On Wed, 11 May 2016 11:30:00 -0500
Dennis Gilmore <dennis(a)ausil.us> wrote:
I am trying to catch up with email from the last week or so, I am
still 13000 behind, So I did not catch this. this only works if you
do not care about hardlinking, which is going to mean that people are
using an extra 500G + of disk on the mirrors. An issue some mirrors
have hit due to what I am assuming are bad mirroring practices. the
only way to fix it properly is going to mean re-evaluating how we
push content and how we message the pushing, and having tooling to
either do push mirroring or enabling intelligent pull based
mirroring, including information about whats hardlinked where and
what content we have pushed. this is like a bandaid when the sore
under it is still festering away.
Well, this change was simply to allow us to explore using more data for
syncing.
Hopefully we can come up with a way to express hardlinks with it.
If you have the fullfiletimelist file and there is a new one you can
diff them.
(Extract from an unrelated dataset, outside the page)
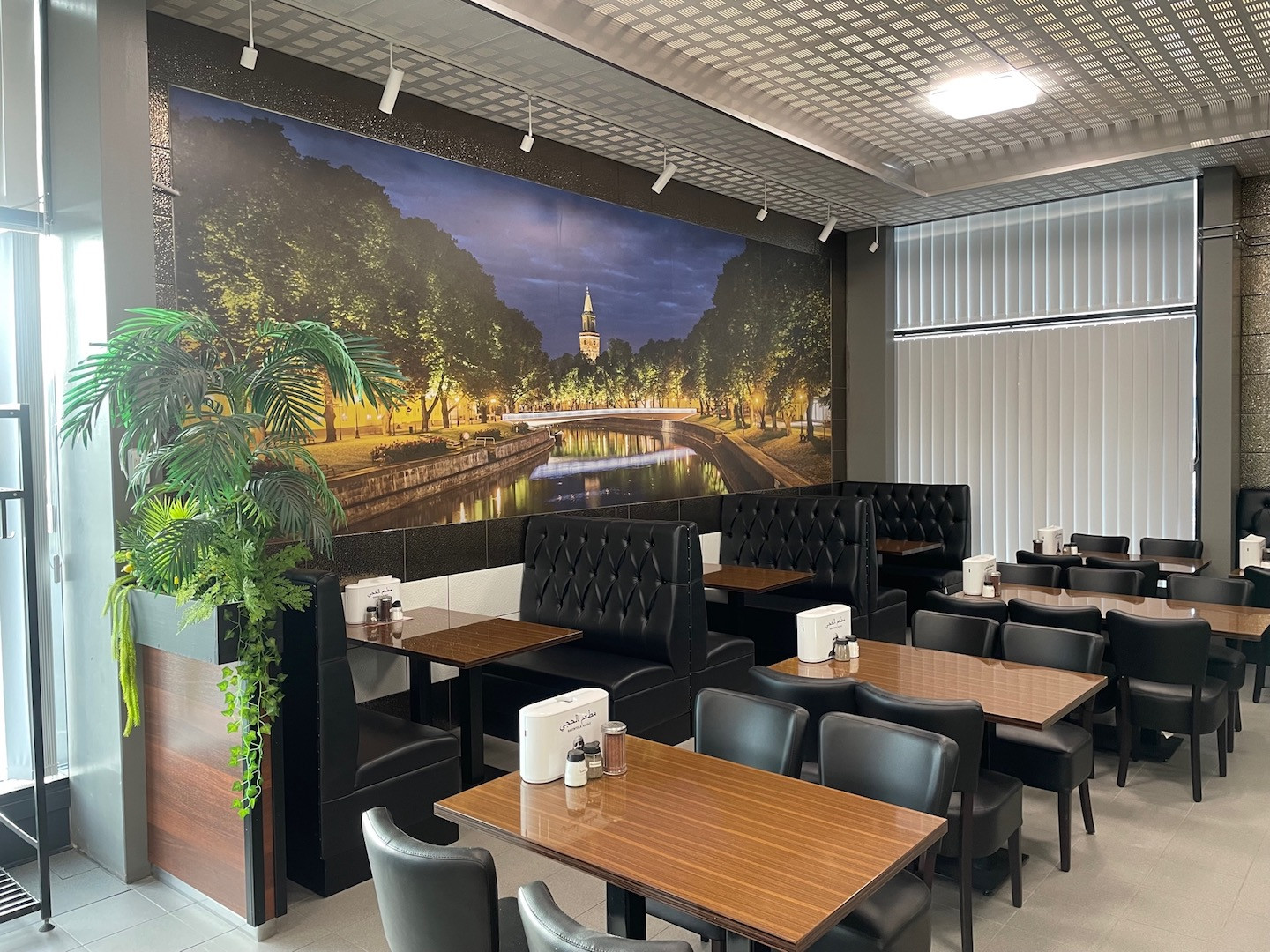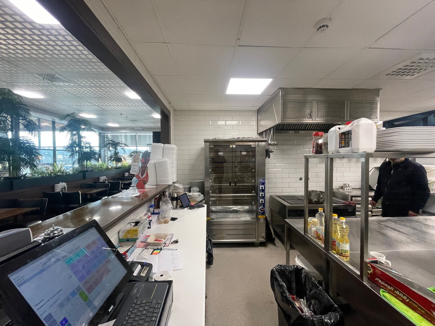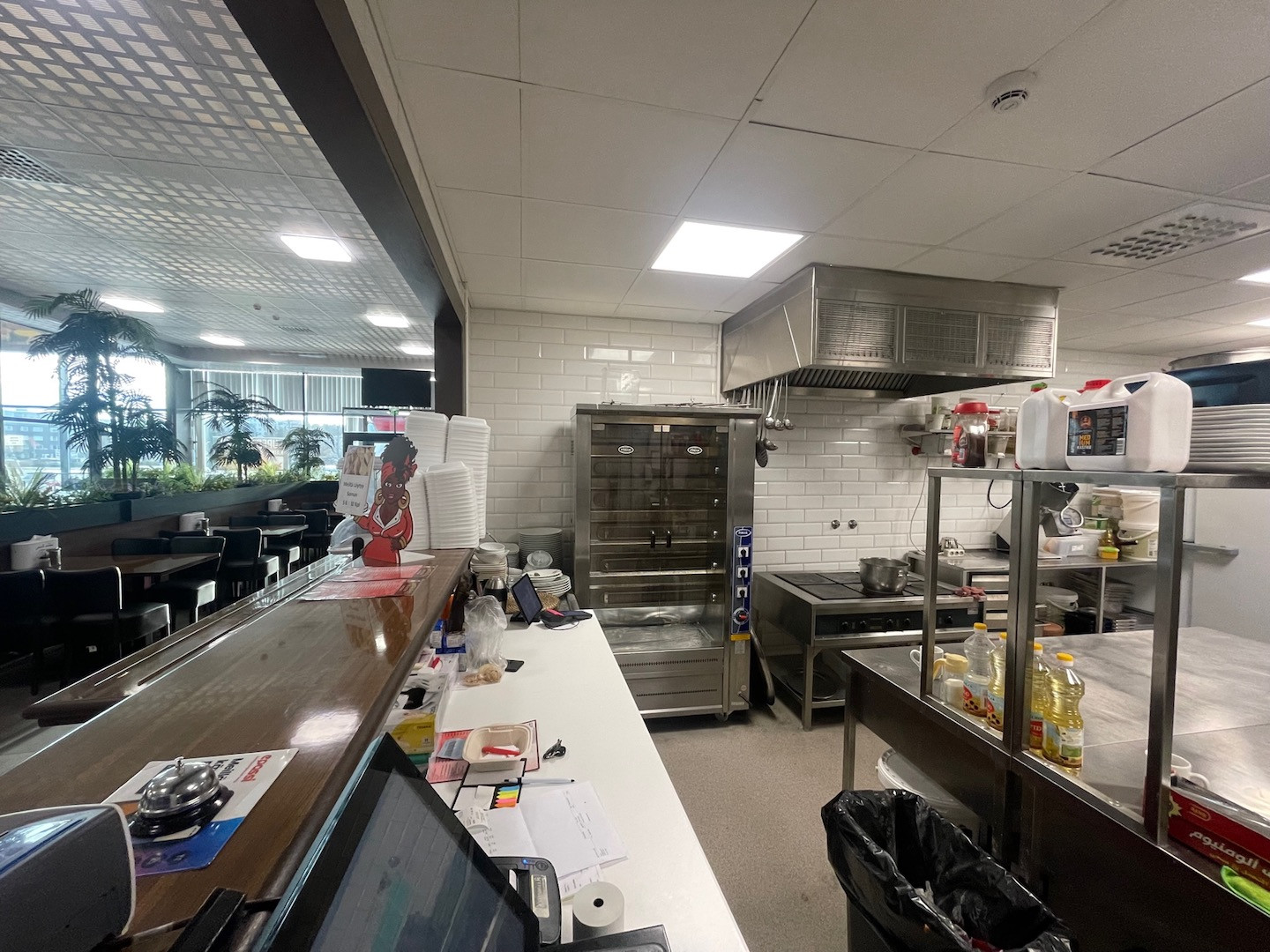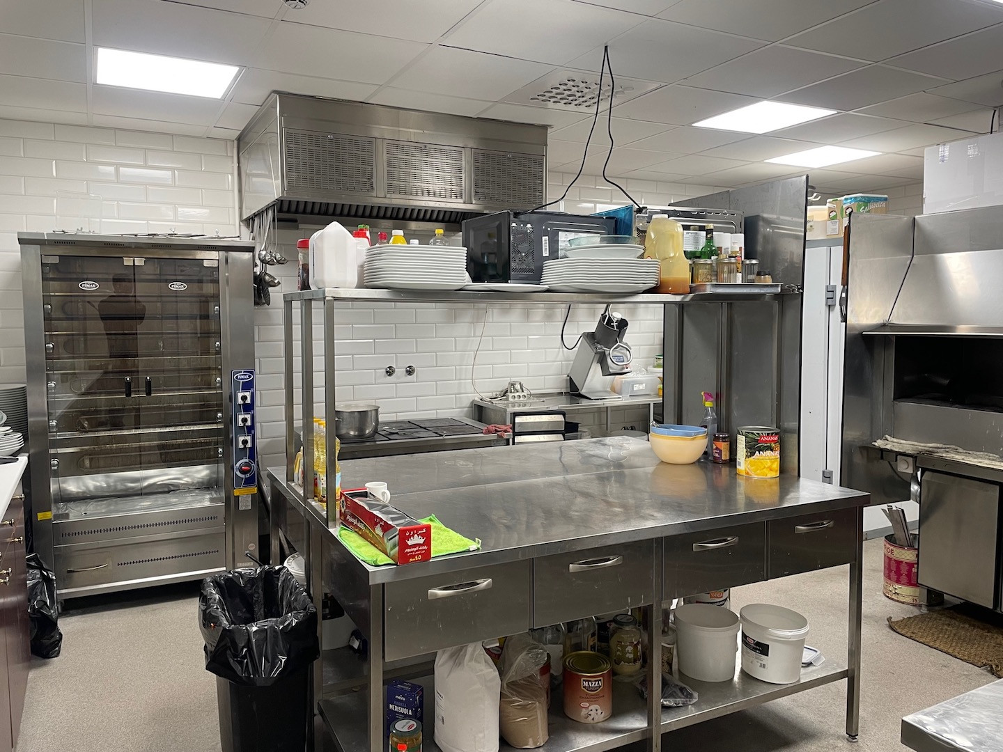 Uudenveroiset täydellisesti varustellut ravintolatilat, sisältyen kaikki tarvittavat koneet, laitteet ja kalusteet. Erikoisuutena mm. hiiligrilli, falafel -tuotantokone sekä kaasukäyttöinen itämainen leipäuuni.

Once you have that list of files that were deleted or
changed, you can sort them and possibly hard link the ones with the
same name/timestamp/size. All of our hardlinked files should be the
same name/timestamp/size I think.
But failing all that we could easily have people rsync just the changed
files (saving us LOTS AND LOTS of iops), but not getting hardlinks and
then once a week or two doing a full traditional sync that would delete
any removed files and hardlink everything. Doing this they would not
have an extra 500GB, they would only get back those files changed in
the last week that were hardlinked, so it would be much smaller I
suspect. This would save us tons of iops, make their syncs super fast
and only have a slight bad effect on space.
If this all turns out to not work out, no harm done, but I think it
might well help us out a great deal.
kevin